Décidant de s’occuper plus tard des sanglots qui provenaient de derrière la porte, Hodgins choisit de rester ainsi encore un peu. Son bien-aimé risquait de se mettre en colère s’il voyait ça, mais il avait bien le droit d’agir ainsi, dans une certaine mesure. Après tout, elle était la chère employée de Claudia Hodgins. D’un ton particulièrement doux, Hodgins demanda :
— Quel est-il, Petite Violet ?
Violet cligna des yeux et leva son regard vers Hodgins. La dernière larme coula de ses yeux.
— Si… et seulement si… un jour vous quittiez la compagnie CH pour faire autre chose…
— Hm.
— …appelez-moi. Peu importe où vous êtes, je viendrai à vous.
— Hm.
— Je pourrai forcément vous être utile… Et même si ce n’est pas le cas, si votre fardeau devient trop lourd, appelez-moi quand vous aurez besoin de quelqu’un pour le porter à votre place. J’accourrai aussitôt.
— Pour de vrai ?
— Oui. Moi aussi, je porterai vos bagages, Président. Vous le savez, n’est-ce pas ? Je suis forte pour ça.
— Huhu, ça, c’est sûr. Un jour, tu comprendras ce que je veux dire par « bagages ». Hé…
Nul n’aurait pu imaginer qu’une simple goutte puisse être le commencement de quelque chose d’aussi grandiose.

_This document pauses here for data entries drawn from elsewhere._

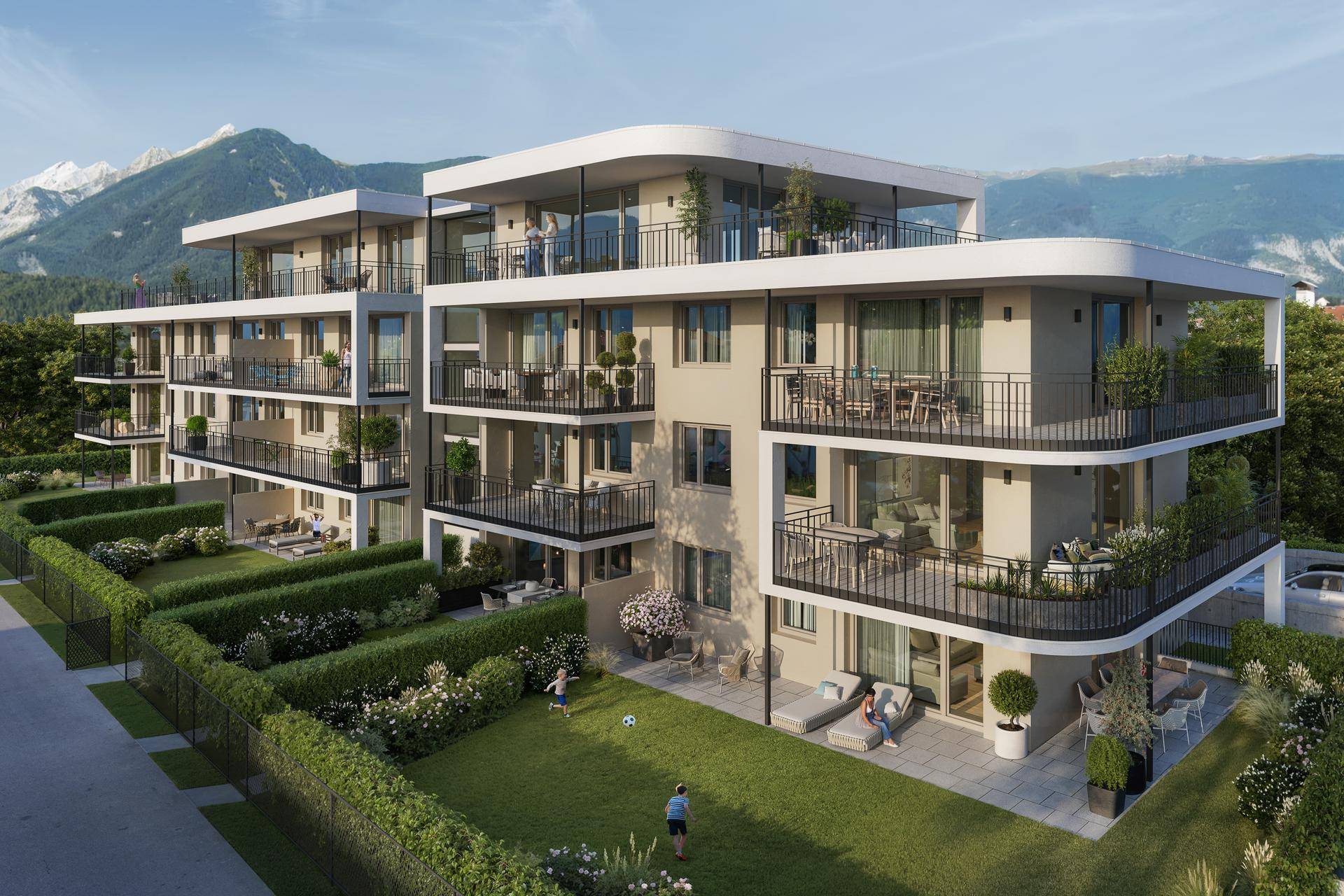 Das Wohnprojekt LINEA in Schwaz überzeugt durch eine hochwertige Ausstattung, die modernes Wohnen mit Komfort und Nachhaltigkeit vereint. Die Wohnungen sind mit großzügigen Terrassen, Balkonen oder weitläufigen Gartenflächen ausgestattet, die ein offenes und harmonisches Wohngefühl schaffen. Hochwertige Materialien wie Eichenparkett in den Wohnbereichen und Feinsteinzeug in den Sanitärräumen unterstreichen die gehobene Qualität. Eine innovative Luftwärmepumpe sorgt für energieeffiziente Beheizung und Kühlung, während großzügige Kellerabteile zusätzlichen Stauraum bieten. Für ein angenehmes Wohnklima sind Fenster mit Dreifachverglasung sowie vorbereitetem Sonnenschutz Standard. Zudem erfüllt das Projekt alle modernen Ansprüche an Nachhaltigkeit, mit einer umweltfreundlichen Bauweise und Photovoltaikanlagen, die die Allgemeinbereiche versorgen. LINEA bietet somit eine perfekte Kombination aus Stil, Funktionalität und ökologischem Bewusstsein.
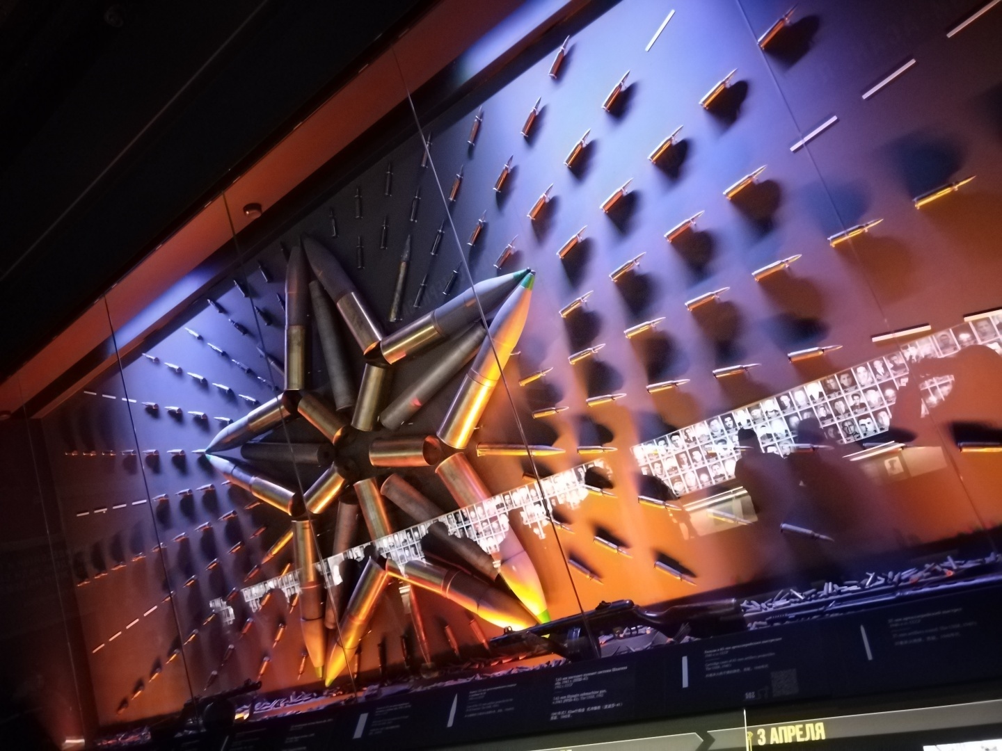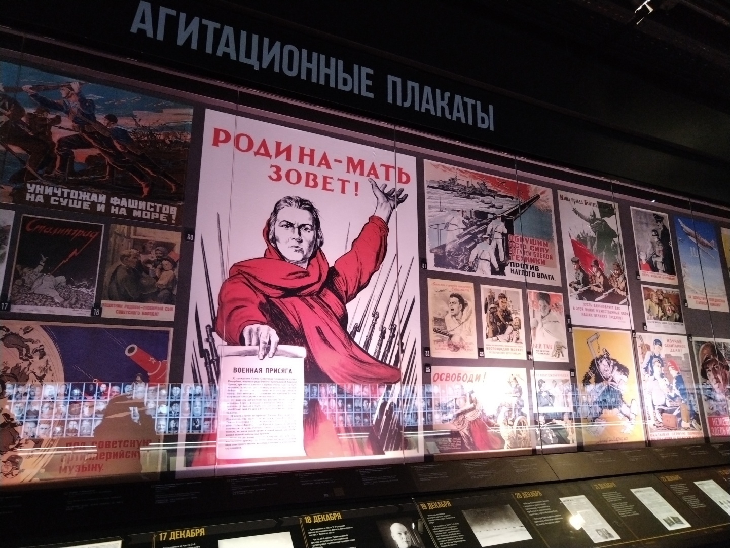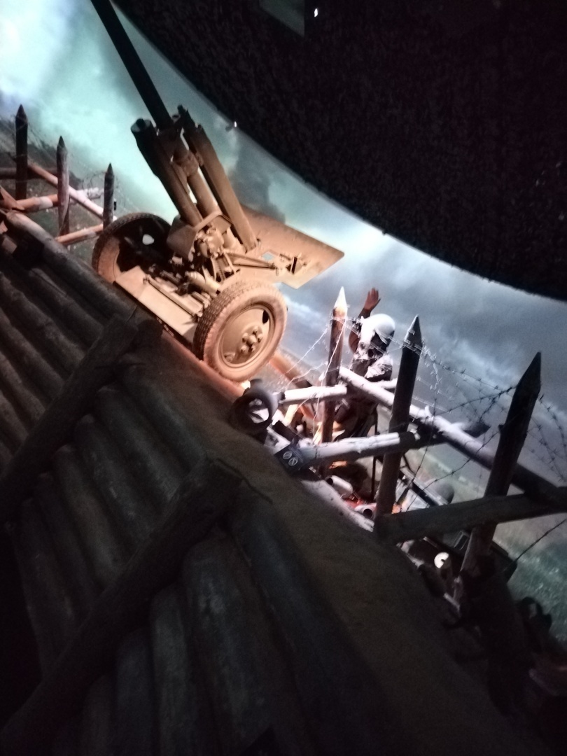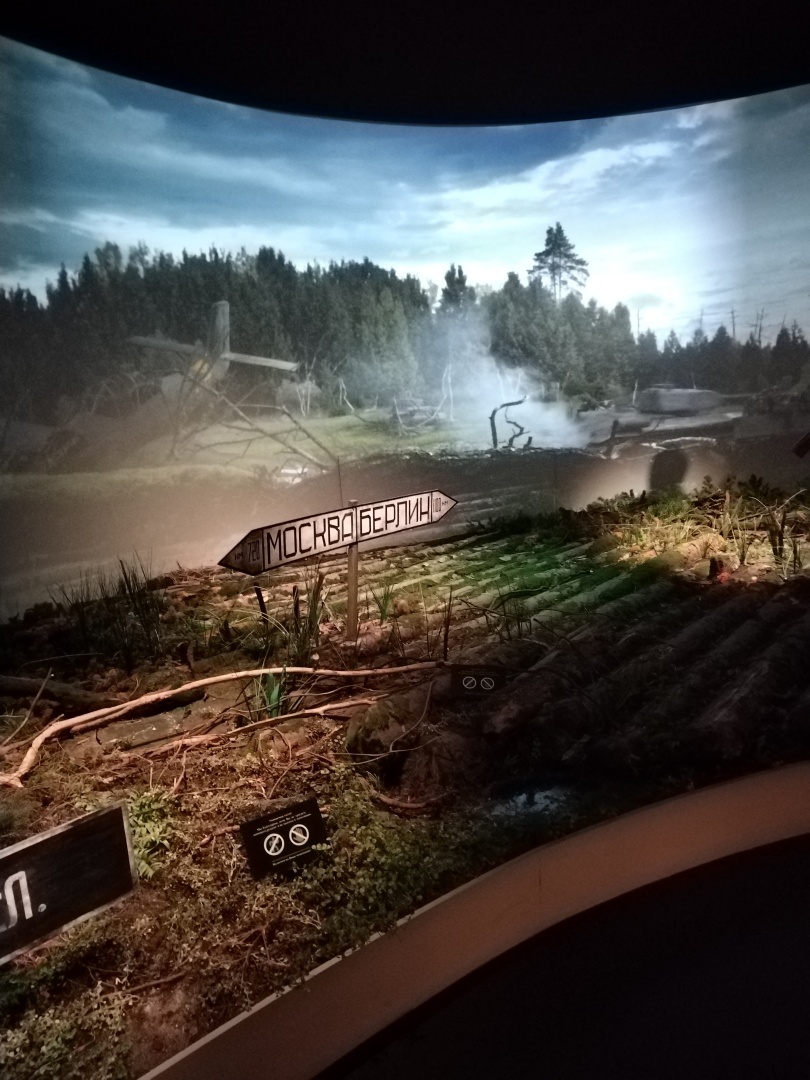 Первый зал - радостный и красочный, это день 21 июня. Дальше показаны ужасы войны. Самолёты, бомбежки, Ленинград, дорога жизни, эвакуации, труд в тылу, партизаны, концлагеря.
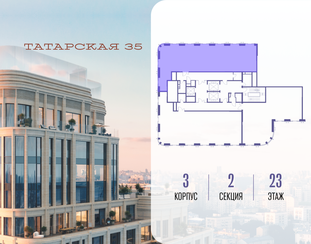 Продается просторная квартира площадью 139.60 м2 в жилом комплексе ТАТАРСКАЯ, 35. Квартира находится в 2 секции корпуса 3. Этаж 23-й из 23. Квартира без чистовой отделки, с просторной кухней 56.70 м2. Жилая площадь ― 56.50 м2. Высота потолка от 3.50. ТАТАРСКАЯ, 35 - новая архитектурная доминанта Замоскворечья, достопримечательность на фотопанорамах исторического центра Москвы. Элитный дом, созданный для тех, кто умеет смотреть далеко вперед, мыслить масштабно и воплощать собственный сценарий жизни. Вдохновляющие прогулки по променаду набережной, в уютных переулках, в парке «Зарядье», в Михайловском саду и Репинском сквере. Наслаждение высоким искусством в Третьяковской галерее, Доме Музыки, театральном музее им. А.А. Бахрушина, театре на Малой Ордынке. За окнами - Кремль, высотка на Котельнической, панорамы Замоскворечья и острова Балчуг, огни Садового кольца. Собственные спорт-румы, детская, репетиторская, бьюти-пространства, деловое пространство с коворкингом, переговорной и сигарной. Собственный трехуровневый фитнесс-центр с бассейном, тренажерным залом, сауной, хаммамом, массажным кабинетом. Площадь двора – 1,8 га, половина территории покрыта деревьями, кустарниками и лужайками. Дом расположен внутри Садового кольца – отсюда в считанные минуты можно добраться до важнейших мест столицы: достопримечательностей и парков, театров и ресторанов, деловых и административных центров. 7 минут до Кремля на автомобиле, 15 минут до Третьяковской галереи и 8 минут до Садового кольца пешком. Планировочные решения и визуализации предварительны, возможны изменения.
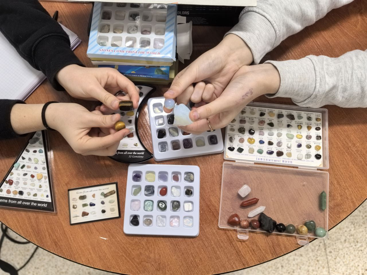 Hem treballat des d'un enfocament sensorial el coneixement de minerals i pedres semiprecioses. És una activitat que entra directament pels ulls i el tacte, i que reforça de manera molt positiva l'estímul per conèixer el món natural.

Pourtant, avec le temps, elle finirait par revêtir une signification profonde. Si elle venait à tomber encore et encore, elle pourrait tout aussi bien appeler à elle des bénédictions infinies que de cruelles malédictions.
— Salut, moi c’est Hodgins. Et toi, quel est ton nom ?
Silence.
— Cette gamine est vraiment taciturne.
— Elle… n’a pas encore de nom. C’est une orpheline sans éducation. Elle ne sait même pas parler.
— C’est terrible. Elle est si belle en plus. Donne-lui quand même un nom qui soit digne de sa beauté au moins.
— Petite Violet, merci d’être venue jusqu’à moi.